Member of the Council of the District of Columbia Ward 8
- In office January 2, 1977 – January 2, 1993
- Preceded by: James Coates
- Succeeded by: Marion Barry

Personal details
- Born: Wilhelmina Jackson September 27, 1916 Portsmouth, Virginia, U.S.
- Died: February 14, 2006 (aged 89) Washington, D.C., U.S.
- Party: Democratic
- Spouse: Calvin Rolark
- Education: Howard University (BA, MA) Terrell Law School (LLB)

= Wilhelmina Rolark =

American politician

Wilhelmina Jackson Rolark (September 12, 1916 – February 14, 2006) was a Democratic politician and activist in Washington, D.C. She was elected to represent Ward 8 on the Council of the District of Columbia in 1976 and served four terms.

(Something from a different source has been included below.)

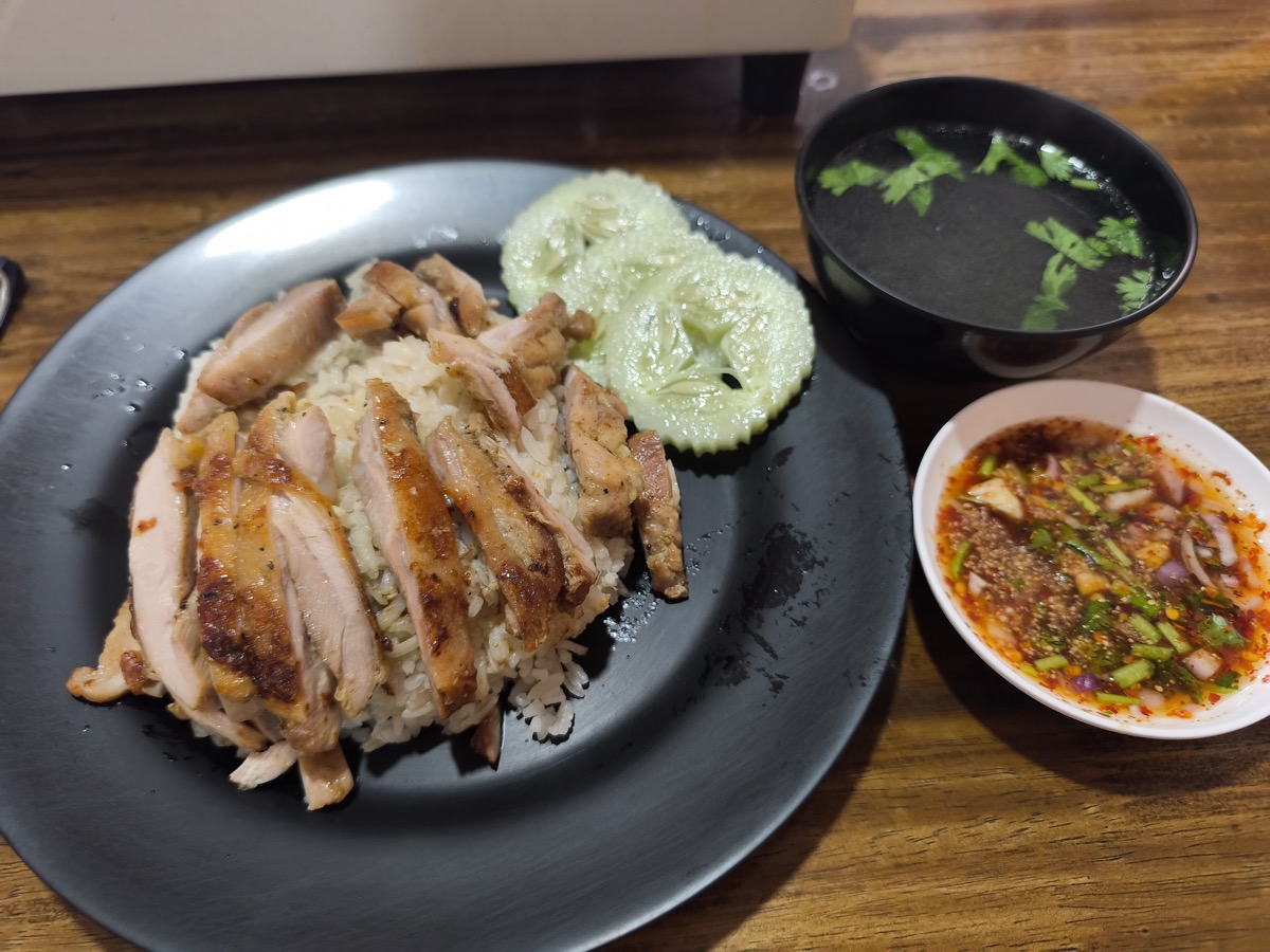 ハラルの店でグリルのカオマンガイ(B70)。おいしかった。

Rolark was president of The Washington Informer, a weekly newspaper in Washington, D.C., founded by her husband, Calvin W. Rolark, Sr., in 1964. The paper is now published by her stepdaughter, Denise Rolark Barnes.

==Political career==
In 1974, after the passage of the District of Columbia Home Rule Act created the Council of the District of Columbia, Rolark ran to be the first Ward 8 member. She lost the Democratic primary to James Coates by fewer than 100 votes and later announced that she would run a write-in campaign against him in the November election. Her campaign was unsuccessful.

Rolark came back in 1976 (the first Ward 8 term after the council's creation was only two years) and defeated Coates in the primary. He in turn launched his own write-in campaign for November, which was also unsuccessful. Rolark became Ward 8 council member on January 2, 1977. She went on to be reelected in 1980, 1984, and 1988.

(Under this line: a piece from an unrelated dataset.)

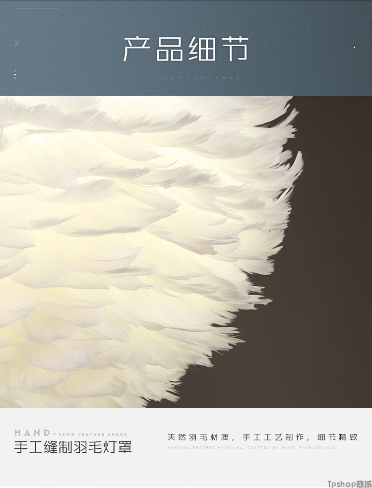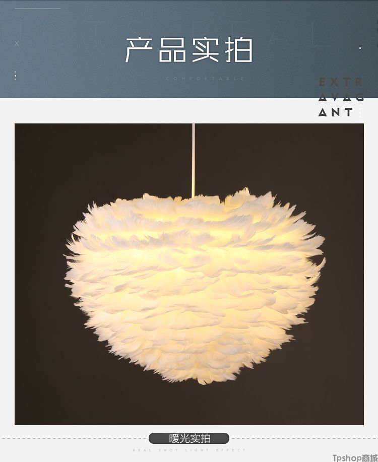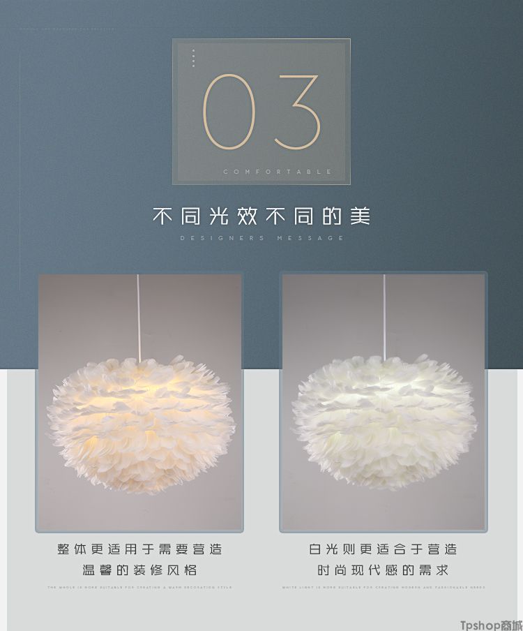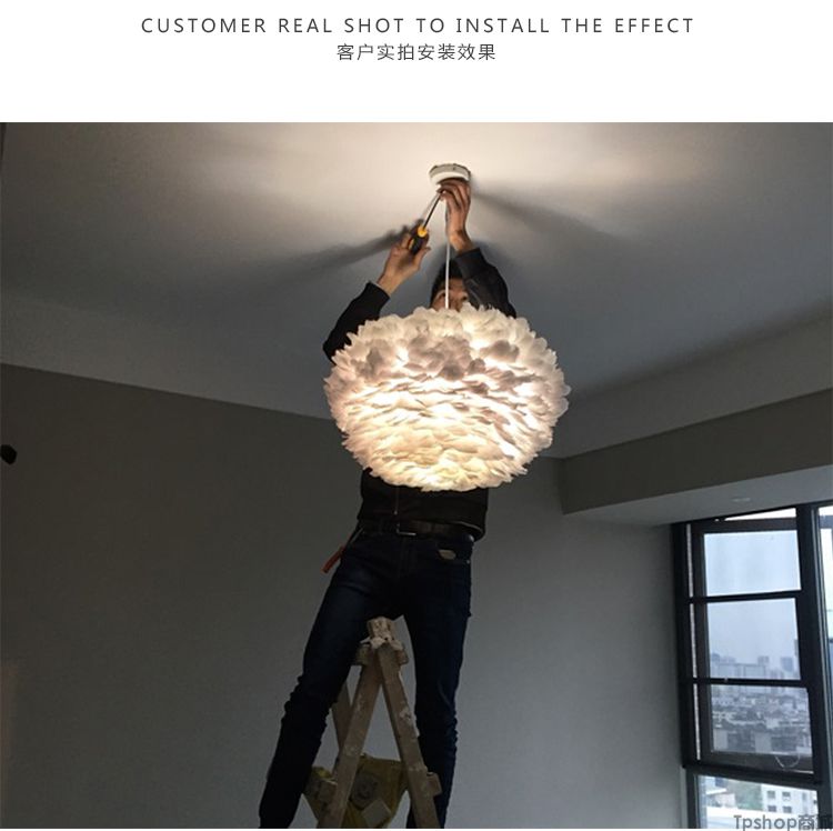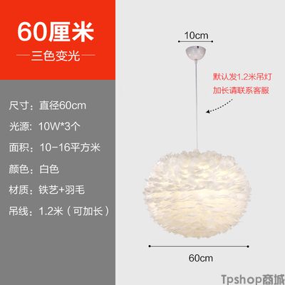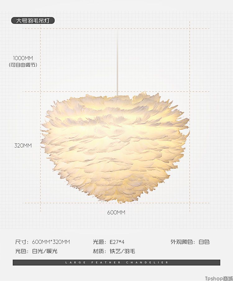 商品名称: 羽毛灯卧室北欧灯具现代简约创意客厅儿童房温馨浪漫公主羽毛吊灯

While on Council, she played a key role in getting Oxon Run Park built. Planning for the park had started in 1975, but the master plan was prepared through the joint efforts of Rolark, and the District's Department of Recreation and Environmental Services. In the fall of 1983, Councilmember Rolark's office organized a series of neighborhood meetings to give Anacostia residents an opportunity to review a preliminary version of the plan and work eventually began in October of 1984.

In 1992, former mayor Marion Barry, recently released from prison, challenged Rolark in the Democratic primary and won in a 3-to-1 landslide. Rolark's time on the council came to an end on January 2, 1993, after 16 years.